Pablo (Paul) Berzukov
Author of Understanding Database Administration
available at amazon and other bookstores.
Disclaimer: Advice is provided to the best of my knowledge but no implicit or explicit warranties are provided. Since the advisor explicitly encourages testing any and all suggestions on a test non-production environment advisor should not held liable or responsible for any actions taken based on the given advice.
they arent encrypted, they are hashed - big difference
Ok.
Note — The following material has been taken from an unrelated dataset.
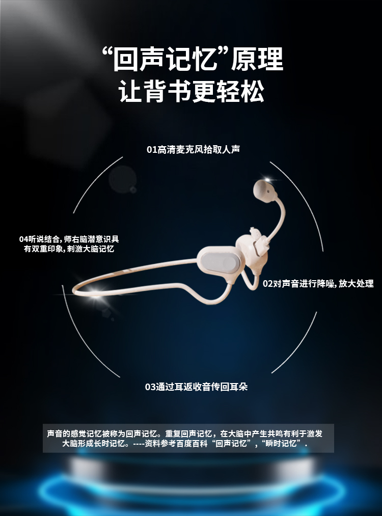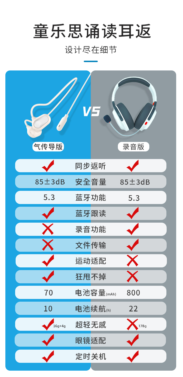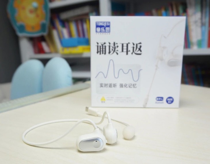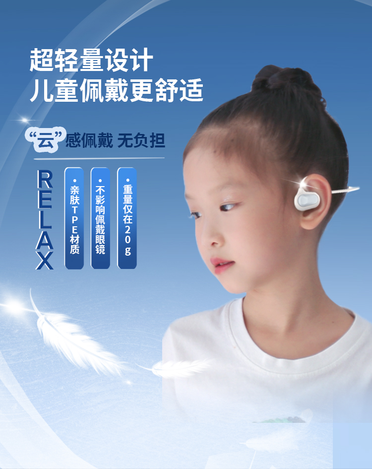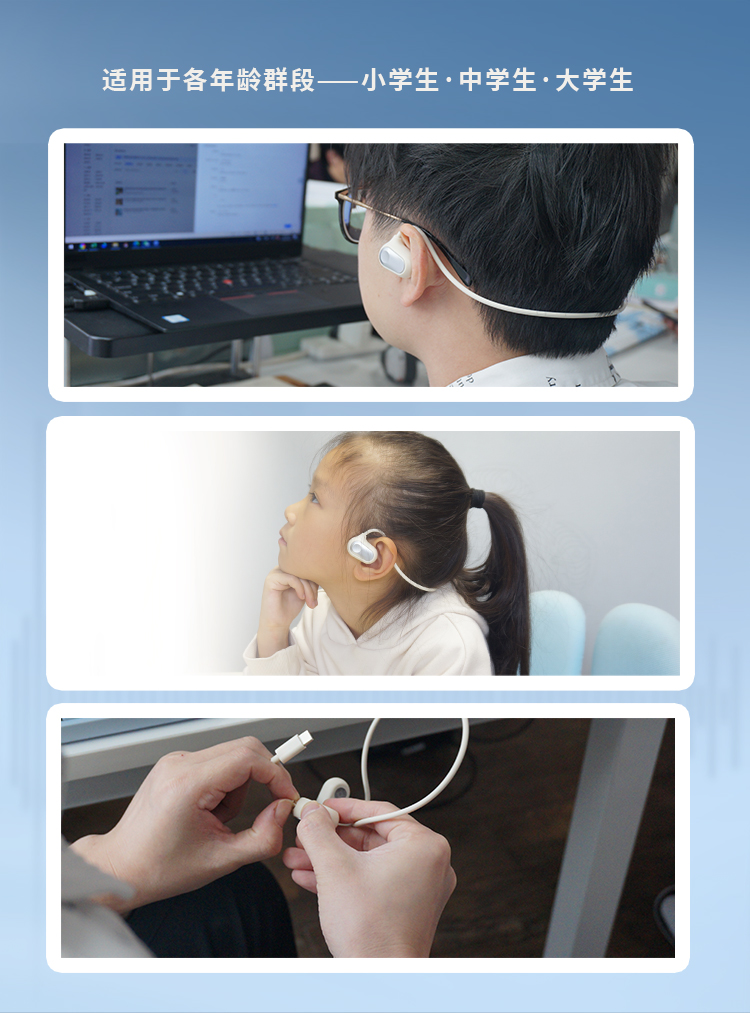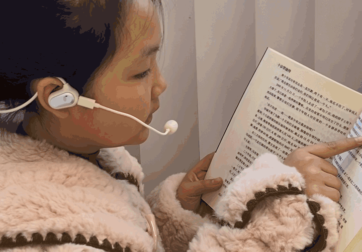 新版的诵读耳返,是「气传导」模式,通过空气振动来传播声音,佩戴不入耳,因此即便长时间使用,也不会塞得耳朵疼或是闷耳朵,非常适合需要高频用耳机的孩子们用——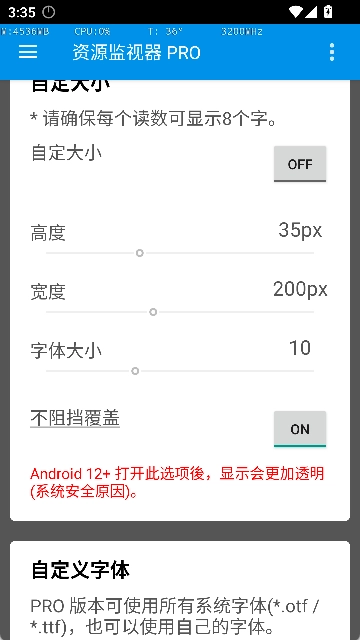 2.监控窗口可在屏幕任意位置自由摆放,并且支持调整其大小、颜色以及透明度。

What hashing algorithm is used in 10g database to store passwords in DBA_USERs data dictionary?
The one-way algorithm used to calculate password hashes is not openly documented by
Oracle, but references on-line and in printed materials provide sufficient information to
reproduce the algorithm.
A 1993 post on the comp.databases.oracle newsgroup describes the algorithm in detail,
identifying an unknown fixed key as an input parameter . This key value was later
published in the book "Special Ops", providing sufficient information to reproduce the
algorithm . The algorithm can be described as follows:
1. Concatenate the username and the password to produce a plaintext string;
2. Convert the plaintext string to uppercase characters;
3. Convert the plaintext string to multi-byte storage format; ASCII characters have the
high byte set to 0x00;
4. Encrypt the plaintext string (padded with 0s if necessary to the next even block length)
using the DES algorithm in cipher block chaining (CBC) mode with a fixed key value of
5. Encrypt the plaintext string again with DES-CBC, but using the last block of the output
of the previous step (ignoring parity bits) as the encryption key. The last block of the
output is converted into a printable string to produce the password hash value.
Ok. It seemed then the algorithm is DES.
I wonder why something straightforward like MD5 or a SHA version wasn't used?